__ASSIGNED TASK__.
Copy the data that follows exactly. Include no pictures.

__DATASET RECORDS__.
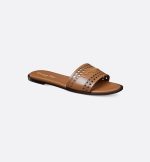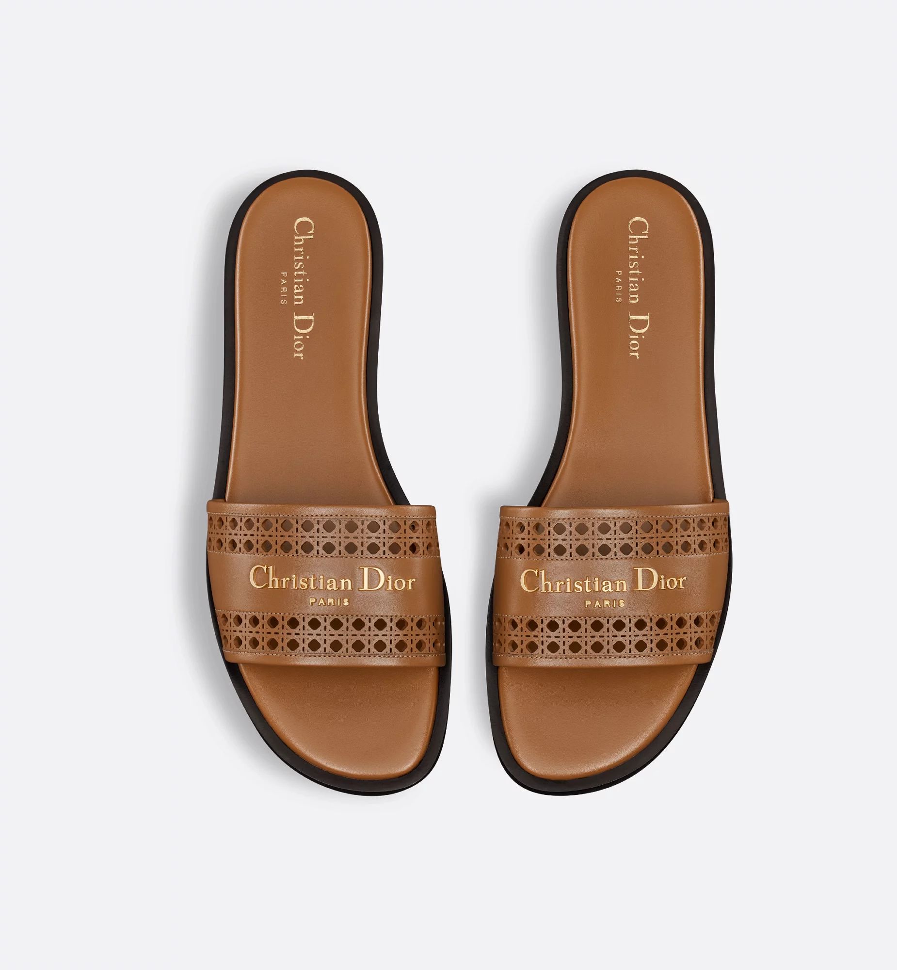 The D-Lane slide is an emblematic style with a timeless look. The camel openwork Microcannage calfskin upper is adorned with a gold-finish metal Christian Dior Paris signature, adding an instantly recognizable touch. The padded leather insole offers ultimate comfort while the streamlined design makes it easy to slip on for a laid-back look.
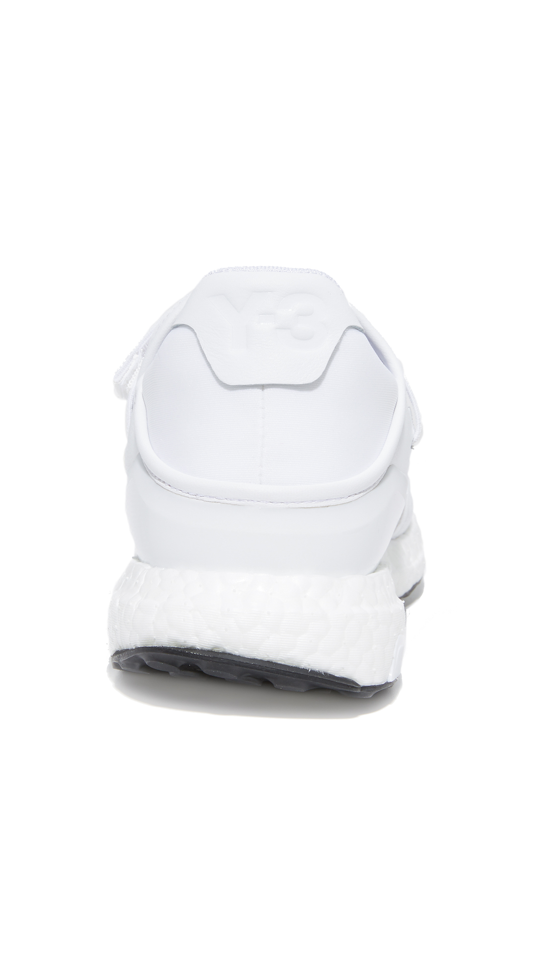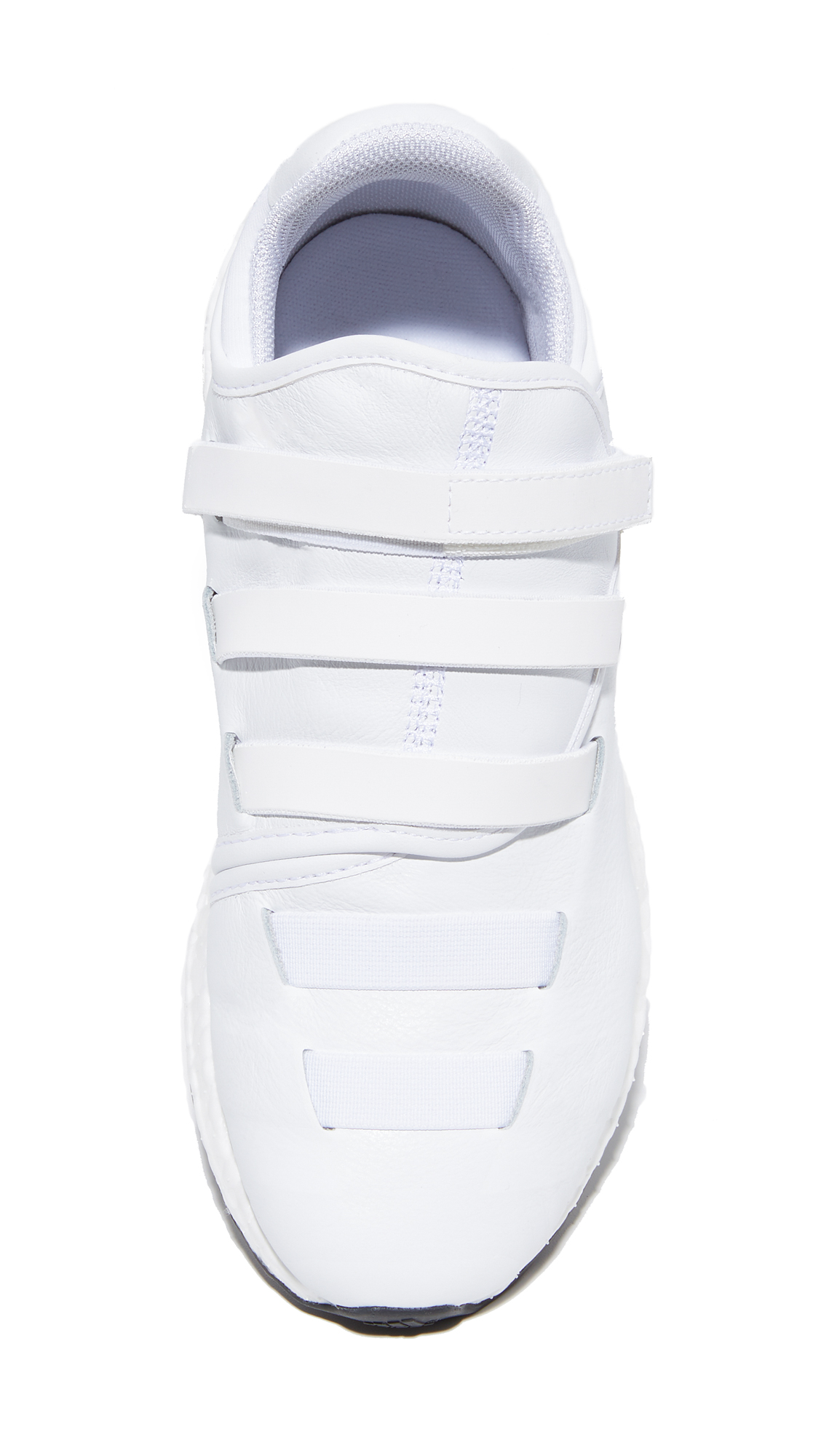 Reflective stripes and woven elastic strips add a unique, modern touch to these wrinkled leather Y-3 sneakers. A Velcro strap layers over the wide tongue. Logo detailing at the neoprene heel cap. Textured foam platform. Rubber sole.
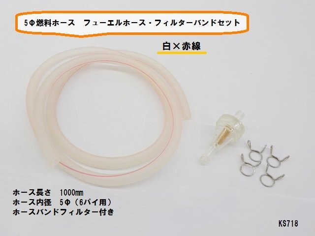 - KS★☆5φ燃料ホース フューエルホース フィルターバンドセット(白×赤線)(バイク・ガソリン)
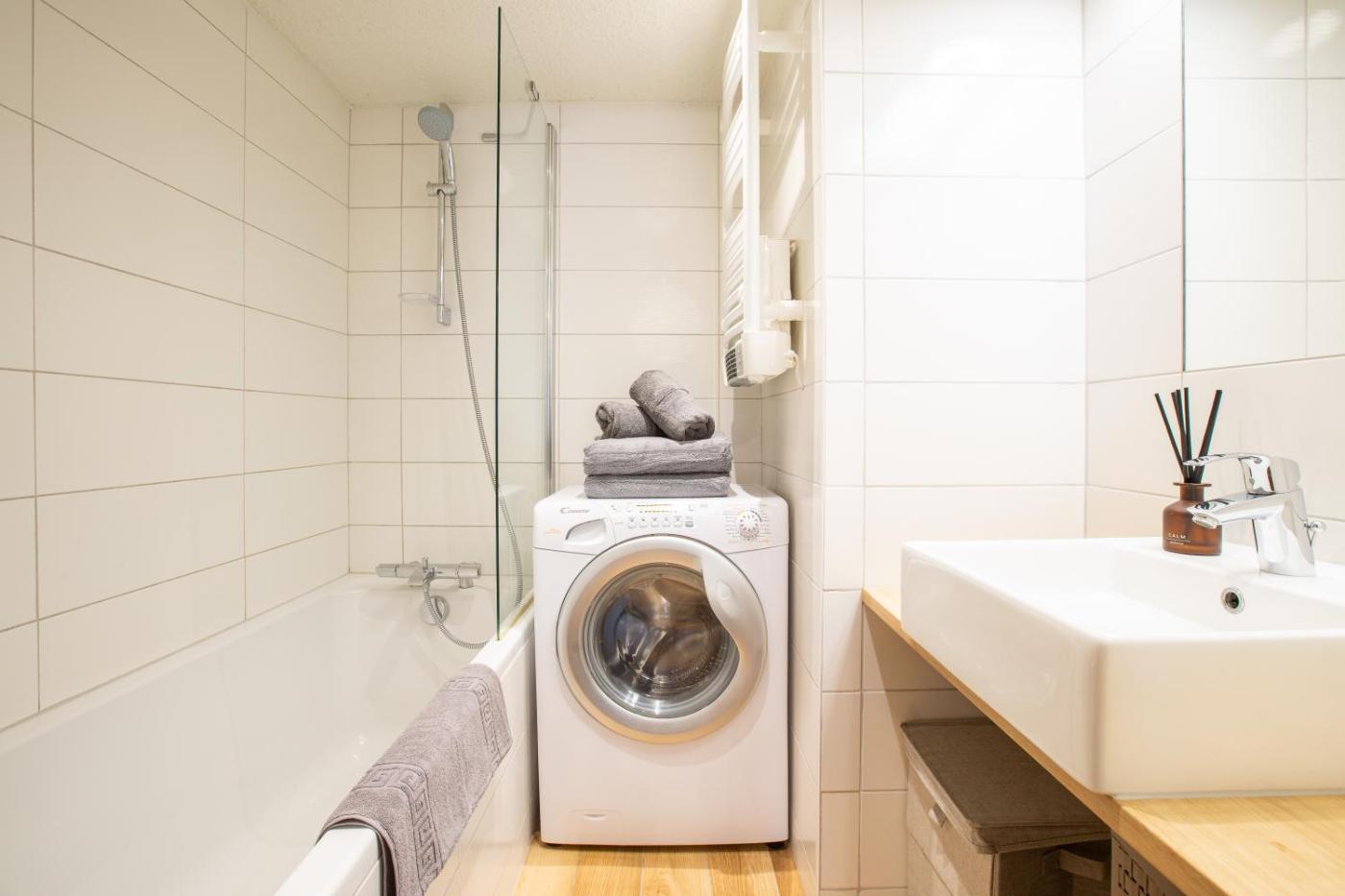 Appartement. Boasting a private entrance, this apartment features 1 living room, 1 separate bedroom and 1 bathroom with a bath and a hairdryer. Meals can be prepared in the kitchen, which has a stovetop, a refrigerator, a dishwasher and kitchenware. This apartment has a washing machine, a coffee machine, a flat-screen TV with streaming services and a balcony. The unit has 2 beds.
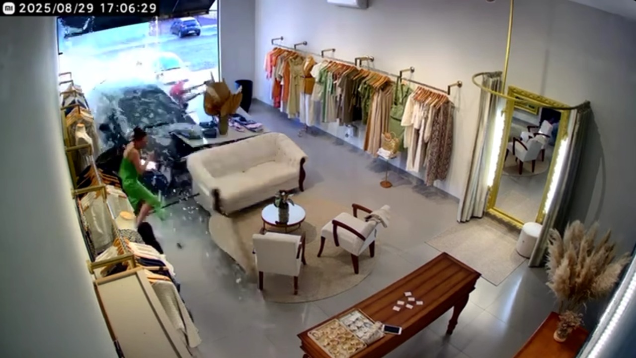 Com o impacto, o condutor do Ônix perde o controle e vai de encontro com a loja de roupas, invadindo o espaço e quase atingindo duas mulheres que estavam no interior do estabelecimento.

__TASK RESULT__.
 The D-Lane slide is an emblematic style with a timeless look. The camel openwork Microcannage calfskin upper is adorned with a gold-finish metal Christian Dior Paris signature, adding an instantly recognizable touch. The padded leather insole offers ultimate comfort while the streamlined design makes it easy to slip on for a laid-back look.
 Reflective stripes and woven elastic strips add a unique, modern touch to these wrinkled leather Y-3 sneakers. A Velcro strap layers over the wide tongue. Logo detailing at the neoprene heel cap. Textured foam platform. Rubber sole.
 - KS★☆5φ燃料ホース フューエルホース フィルターバンドセット(白×赤線)(バイク・ガソリン)
 Appartement. Boasting a private entrance, this apartment features 1 living room, 1 separate bedroom and 1 bathroom with a bath and a hairdryer. Meals can be prepared in the kitchen, which has a stovetop, a refrigerator, a dishwasher and kitchenware. This apartment has a washing machine, a coffee machine, a flat-screen TV with streaming services and a balcony. The unit has 2 beds.
 Com o impacto, o condutor do Ônix perde o controle e vai de encontro com a loja de roupas, invadindo o espaço e quase atingindo duas mulheres que estavam no interior do estabelecimento.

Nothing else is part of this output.